Please copy exactly the line containing "The test platform" and every line after it, through the last line of the records below, leaving out all pictures.

======== Records

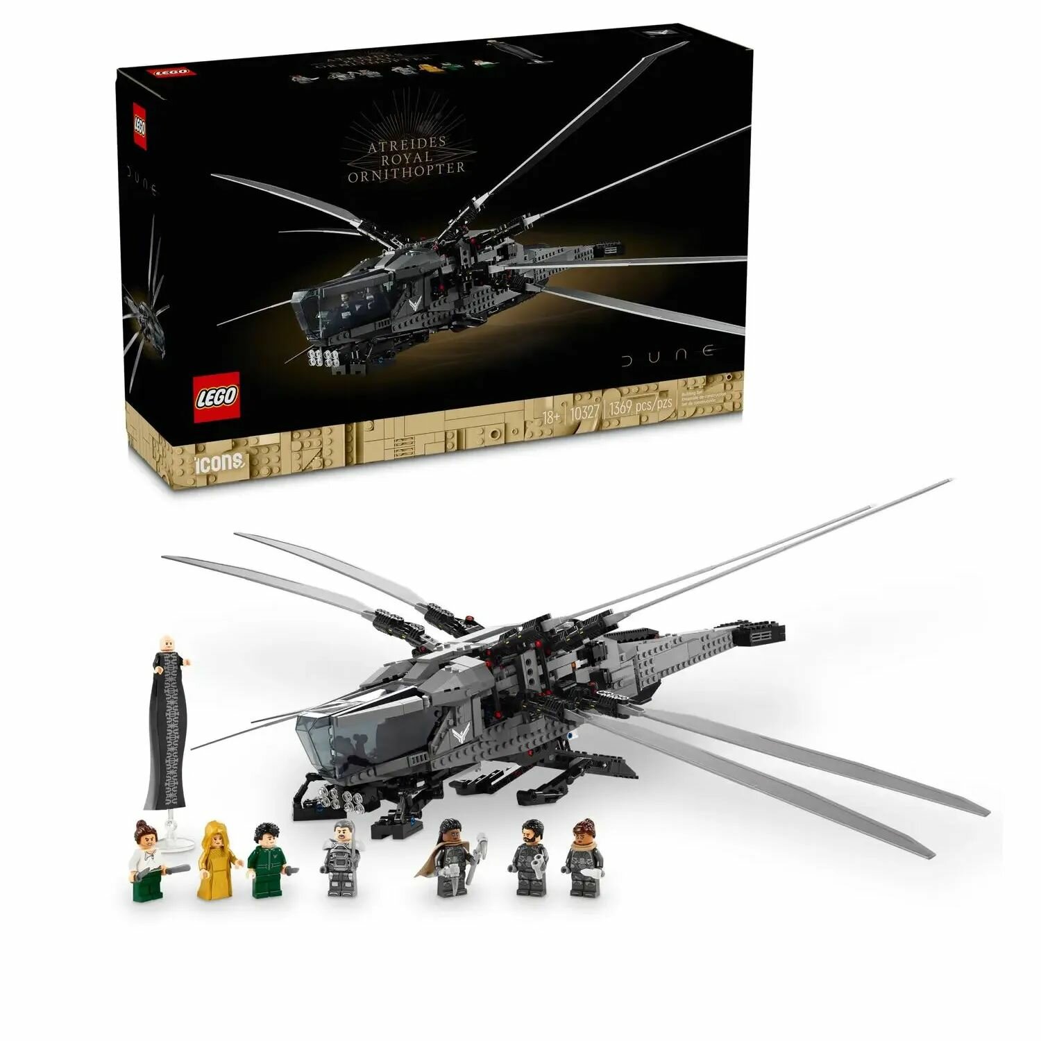 Королевский орнитоптер Атрейдесов из серии “Дюна” состоит из 1369 деталей. Собрав их вместе, вы получите точную копию летательного аппарата высотой более 22 см, длиной 56 см и шириной 79 см. Его большие крылья полностью подвижны, есть выдвижное шасси, а задняя рампа может убираться для придания более обтекаемого вида.
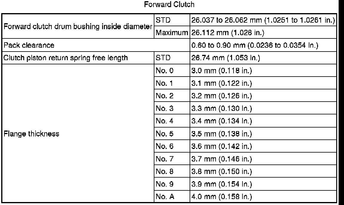 SPECIFICATIONS: A750F AUTOMATIC TRANSMISSION / TRANSAXLE: SERVICE DATA
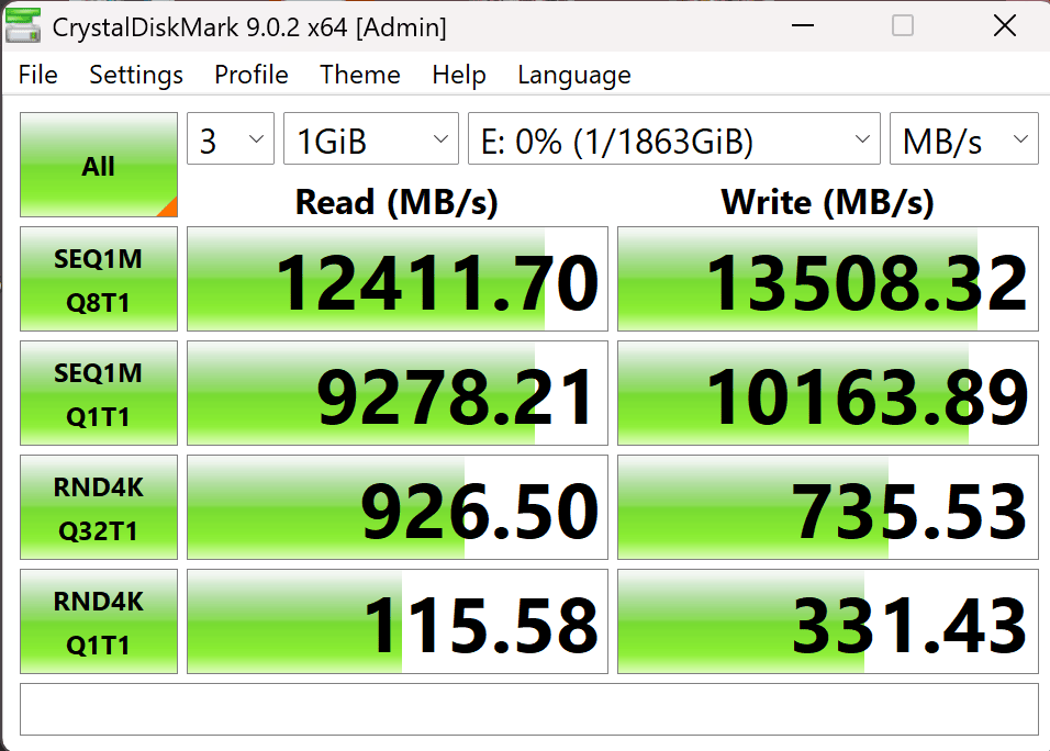 The test platform I use in the lab is current – a GIGABYTE Z890 AORUS Master with an Intel 285K and an RTX 5090, coupled with V-Color DDR5 Manta XFinity 48GB (24GBx2) 8800MHz CUDIMM – more than enough to handle anything current and likely well into the future. Despite that, when I connected up the CS3150, I was shocked at the benchmarks.
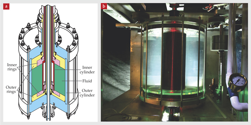 A group from the University of Twente in the Netherlands plans to join the Princeton and Maryland teams in a three-way collaboration hoping to reach a consensus. With help from the Maryland group, torque diagnostics will be added to the Princeton group’s new device, shown in figure 3b, for comparisons with laser Doppler velocimetry results. In addition, the Twente researchers will run an independent diagnostic with particle image velocimetry in a long Taylor–Couette apparatus
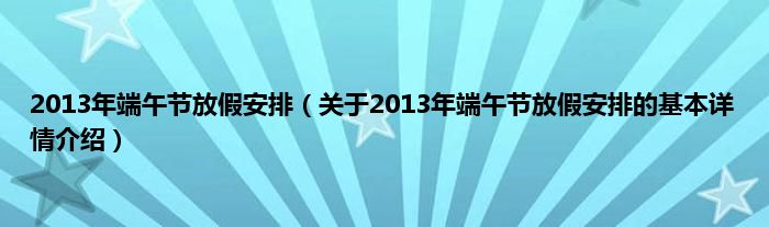 本文关于2013年端午节放假安排的基本详情介绍就讲解完毕,希望对大家有所帮助。
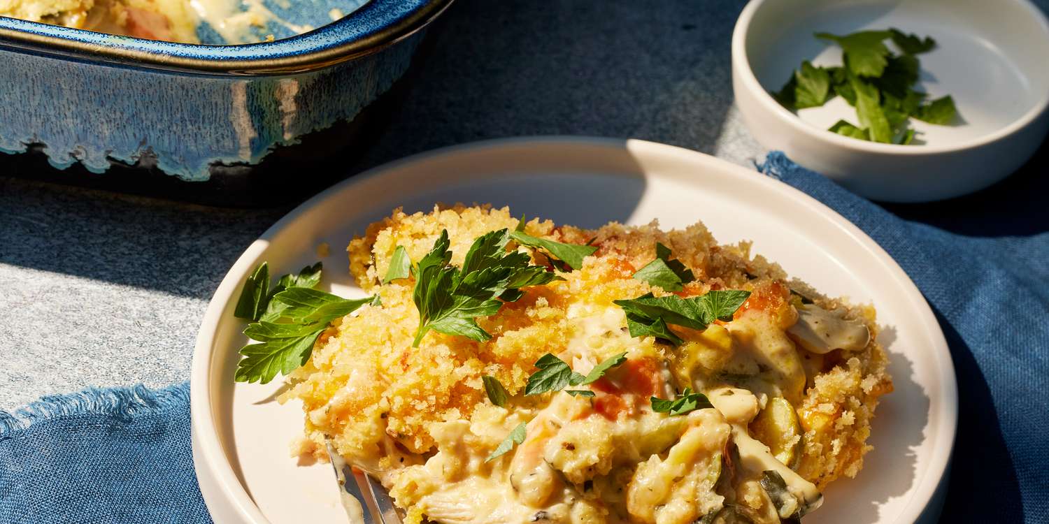“This zucchini chicken casserole is creamy and herbaceous, packed with fresh fork-tender vegetables and shredded chicken breast. The herbs make this dish feel light and fresh, while the cheese on top forms a golden-brown melty crust. This casserole is delicious for a weeknight dinner.” —Amanda Holstein
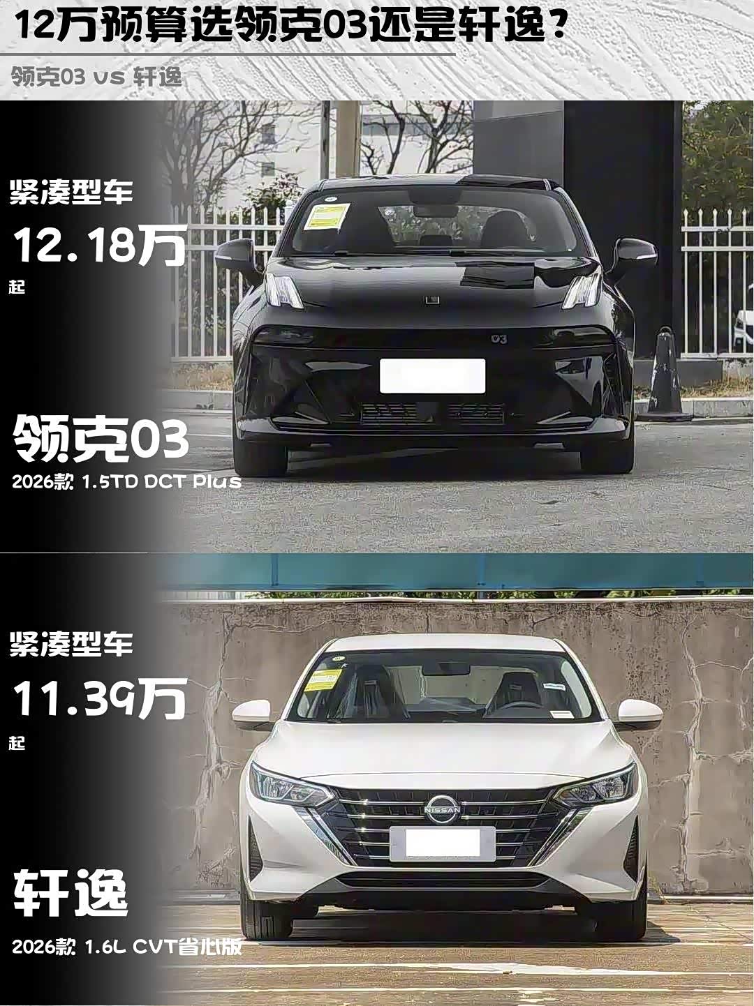 最近在纠结12万级家轿选运动派还是务实派?深度体验了2026款 领克03(参数|询价) 1.5TD DCT Plus和轩逸1.6L CVT省心版,这两台性格截然不同的车简直像两个平行宇宙!🔥

================

[Expected answer]:
 The test platform I use in the lab is current – a GIGABYTE Z890 AORUS Master with an Intel 285K and an RTX 5090, coupled with V-Color DDR5 Manta XFinity 48GB (24GBx2) 8800MHz CUDIMM – more than enough to handle anything current and likely well into the future. Despite that, when I connected up the CS3150, I was shocked at the benchmarks.
 A group from the University of Twente in the Netherlands plans to join the Princeton and Maryland teams in a three-way collaboration hoping to reach a consensus. With help from the Maryland group, torque diagnostics will be added to the Princeton group’s new device, shown in figure 3b, for comparisons with laser Doppler velocimetry results. In addition, the Twente researchers will run an independent diagnostic with particle image velocimetry in a long Taylor–Couette apparatus
 本文关于2013年端午节放假安排的基本详情介绍就讲解完毕,希望对大家有所帮助。
“This zucchini chicken casserole is creamy and herbaceous, packed with fresh fork-tender vegetables and shredded chicken breast. The herbs make this dish feel light and fresh, while the cheese on top forms a golden-brown melty crust. This casserole is delicious for a weeknight dinner.” —Amanda Holstein
 最近在纠结12万级家轿选运动派还是务实派?深度体验了2026款 领克03(参数|询价) 1.5TD DCT Plus和轩逸1.6L CVT省心版,这两台性格截然不同的车简直像两个平行宇宙!🔥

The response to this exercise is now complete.